Influences Orbiting Around the Rare Earth Exhibit


Three ceramic sculptures of incinerator, gas can and communication device
Ceramic Works by Karen Hansen (foreground) and Liz Crain (middle and background)


One great thing about a National Ceramics Exhibit in the neighborhood is there are bound to be several invitees who one might know personally. Or even have studied with. The Rare Earth Exhibit at Cabrillo Gallery is about half way through its run and, since I walk by it twice a week going to my Beastly Beauty Philosophy class, I usually pop in for another gander. To see what I didn’t see. To notice what I didn’t notice. To appreciate not only the anointed company my work is keeping in general, but to acknowledge my connections to the meaningful work of five women I have either studied with and/or feel a tribal closeness to.
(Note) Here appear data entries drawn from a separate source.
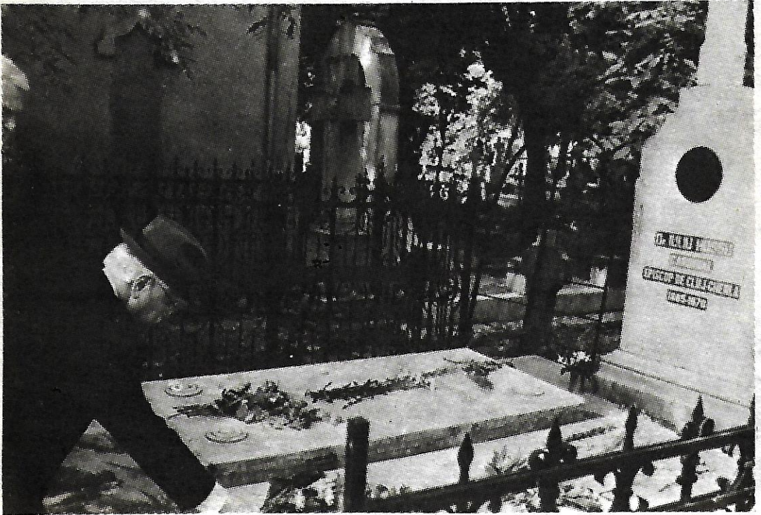
La București, la mormîntul dr. Iuliu Hossu

gat: că atunci când lumea europea insensibilă spectacolul nimicirii evreilor europeni, România a fost dispusă să primească refugiați evrei și a fost gata să deschidă, pentru salvarea lor, porturile țării. Era un drum bine știut de toată evreimea, dar, din nefericire, foarte mulți n-au mai apucat să-l facă. Au fost omorâți în mod bestial. Eu n-am bănuț măcar că se poate ajunge la o asemenea bestialitate! Credeam, dimpotrivă, că cea mai importantă realizare a omenirii e cultura, aveam un mare respect pentru patria lui Goethe, a lui Schiller, a atîtor titani pe care i-a dat Germania culturii universale. Mă întreab și azi la o viață de om de-atunci, cum a fost totuși posibil să se ajungă aici, în plin secol XX? E o întrebare care mă obsedează. A fost o tragedie a omenirii. O mare tragedie a secolului XX. O tragedie în care din România au răzbătut totuși, în suferințele celor aflați atunci în mare primejdie, raze de speranță - S-a scris istoria acelor zile, luni și chiar ani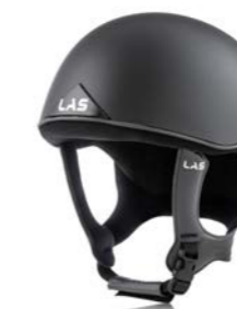
JC STAR Grey LH00020019 040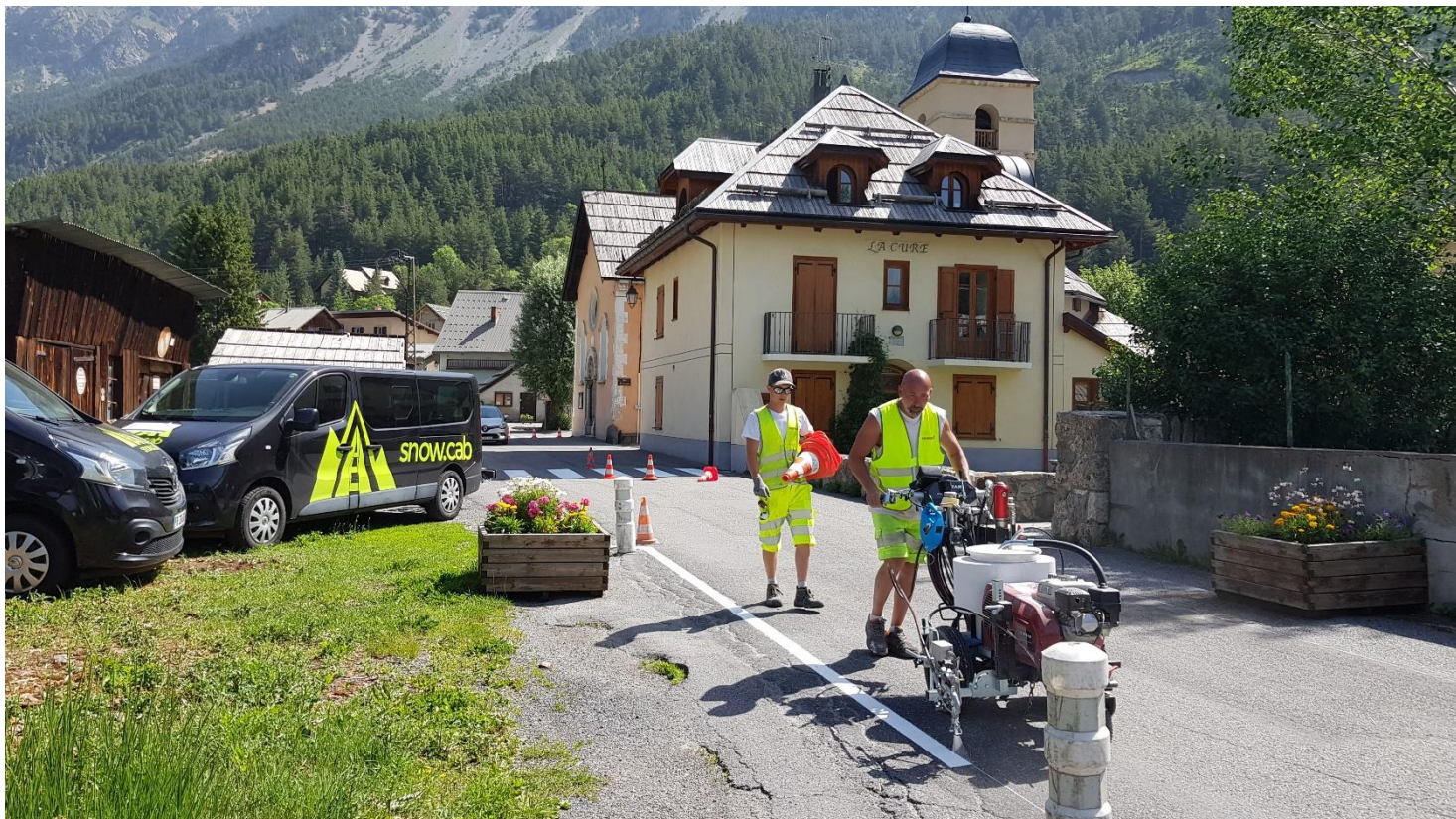
L'ensemble de la signalétique au sol des Alberts a également été repeinte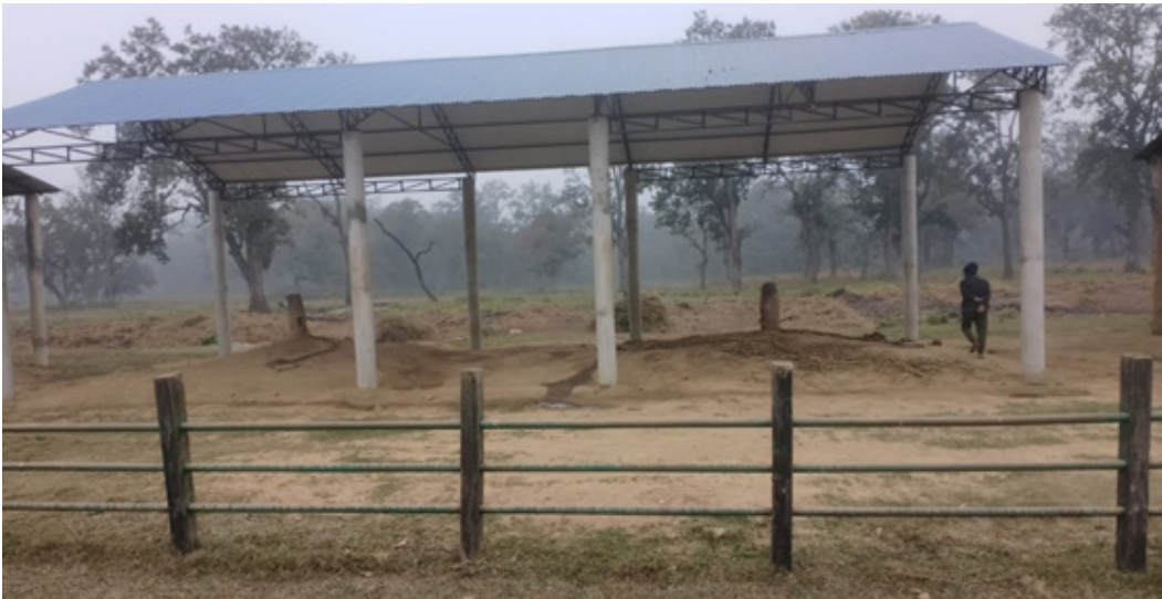
हातीको सेडघर, बेलशहर

निकुञ्जमा हातीहरूको लागि सेडघर अभाव भएको हुँदा निकुञ्जको हातीसार प्रजनन् केन्द्र खोरसोरमा १ वटा सेडघर निर्माण गरिएको छ । यस आ.ब मा आर.सी.सी. सहितको हात्तिको सेडघर निर्माण गरिएको छ । साथै खोरसोरमा नै हात्ती राख्ने सेडघरको मर्मत समेत गरिको थियो ।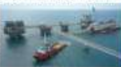
Kapal Selva sja service

(In english only) selva sja service, 1790-8611, 792-0947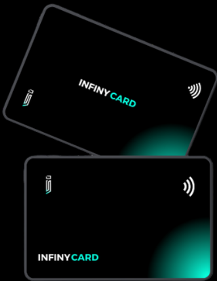
Infiny Card Sin tu diseño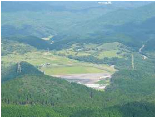
北方面に天山スキー場を見下ろす。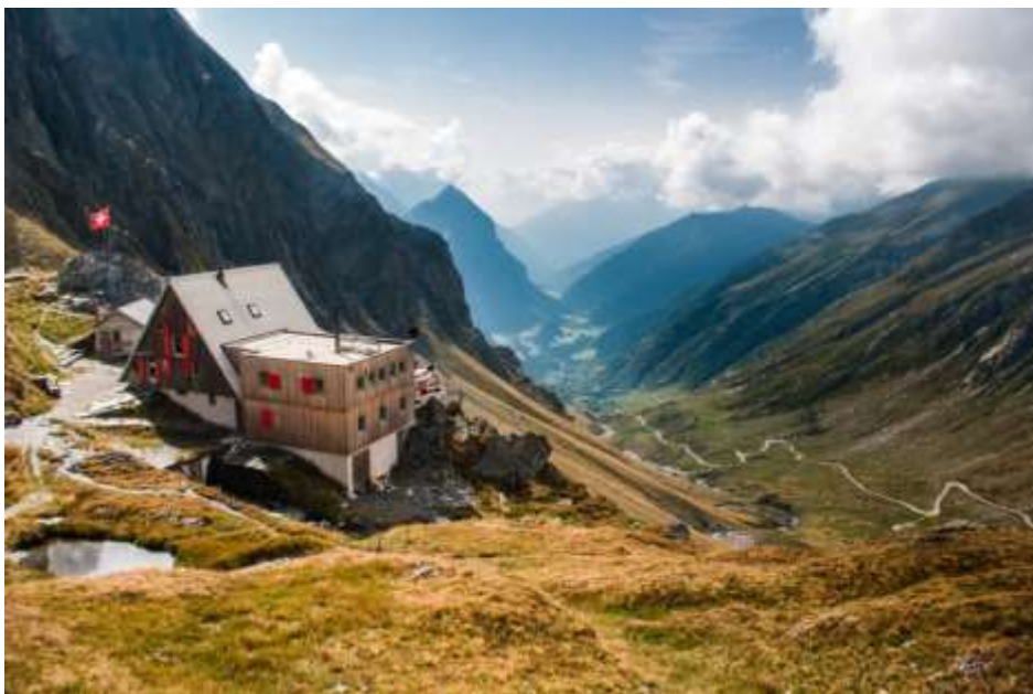
La Capana Scaletta et son panorama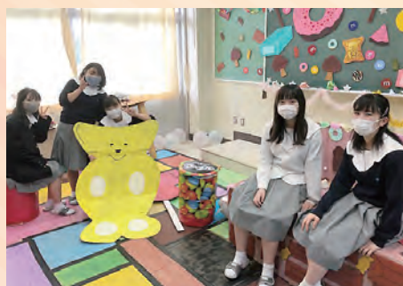
[1-6] 色々な世界観のフォトスポット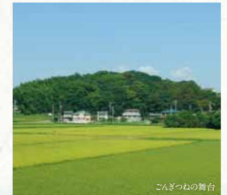
権現山(植大) Gongen Hill (Uedai)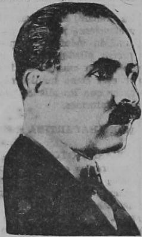
Presidente ARROYO DEL RIO

En este día de gloria para la noble nación hermana, LA RAZON presenta a su digno Presidente, así como a

I am sharing photos of a portion of their work on display and thanking them for the ways they have touched me.

Up top are my two pieces on the left (“Homefire 1957”, last seen in the PVA “HOME” exhibit I have written extensively about and the “Horseshoes and Handgrenades Tea Can” last seen in my private collection.) What tickles me no end is that they’re next to my longtime clay buddy Karen Hansen’s “Amplifier Contraption” on the right. Karen! Look at us up there on a national stage, doing our can-can, or three-legged race, or whatever! I am so proud to be your companion in this funny endeavor of trying to make personally meaningful stuff out of clay and daring to put it out there in the world. Thanks for your humor, insight, tough love and unique point of view.


small ceramic portrait wallpiece by Cynthia Siegel
“High Anxiety” by Cynthia Siegel

Cynthia Siegel guided me deep into figure sculpture and portraiture, an exploration I intend to catch up with in my upcoming new adventures with clay. (see my last post about that intentional seachange.)  Thank you Cynthia for your high standards, in-depth explanations and ongoing international research. You are both my bedrock and my springboard for understanding the skeleton and facial expression. (“Make a figure sculpture working for two hours only start to finish,” you assigned me. Ha!) This little wall portrait shows your skills so nicely: the animation, the bone structure and musculature! That hair. The evident personality. The fact I can notice and appreciate this comes directly from my work with you.



Ceramic Sculpture of chair, oriole and magnolia
“Oriole’s Magnolia Chair” by Gail Ritchie Bobeda

One regular old night in Beginning Ceramics, Gail Ritchie Bobeda delivered the single most compelling demo and explanation of how to form a simple pinch pot that I have ever seen. (Out of at least 30 – 40 priors.) After her thoughtful description, covering the tricky parts and emphasizing style and graceful finishing,  a three-toed sloth could have made a good one! Gail, I so appreciate your warm clarity and continuing curiosity. Your gentle affection for birds is inspiring. I am grateful for any iota of your prodigious brush skills and design insights that I have snagged as my own.



Ceramic Basket by Sylvia Rios
“Wild Basket” by Sylvia Rios

Sometimes all a person needs is a direct explanation at exactly the right time. Sylvia Rios has shown me several skills I still use: How to keep clay workably wet for a long time, not just a day or two. How to effortlessly form twigs and branches, similar to her basket. A nice dose of sales encouragement when I was very green. And the phrase, “Pouring with a brush” which describes perfectly how one best applies underglazes to reduce streaks. Thank you Sylvia!



Three freeform and illustrated ceramic teapots by Julia Feld
Three Teapots by Julia Feld: “Interrupted Comfort,” “Leashed,” and “The Doll”

After marveling at her work for years, just a short demo workshop with Julia Feld changed my understanding of source material, personal narrative and the melding of idiosyncratic form and imagery. Julia, I am always happy to run into you or your mysteriously compelling work, and both you and it together are the best! I look forward to the time I can study with you more extensively: I still have lots of questions! Your bright and wry spirit is a balm.


–Liz Crain, who fondly sees the threads of connection from each of these women’s pieces to their personalities to their lessons to her hands. It’s not direct or literal, but damn near. She’s reveling in seeing their works together in one place for the next week and then the moment passes.

Exhibit Details: “Rare Earth National Ceramics Exhibition,” Cabrillo Gallery, Cabrillo College, 6500 Soquel Drive, Library Rm 1002, Aptos, CA, October 3 – October 28, 2016.  M-F 9-4, M and Tues eves, 7-9.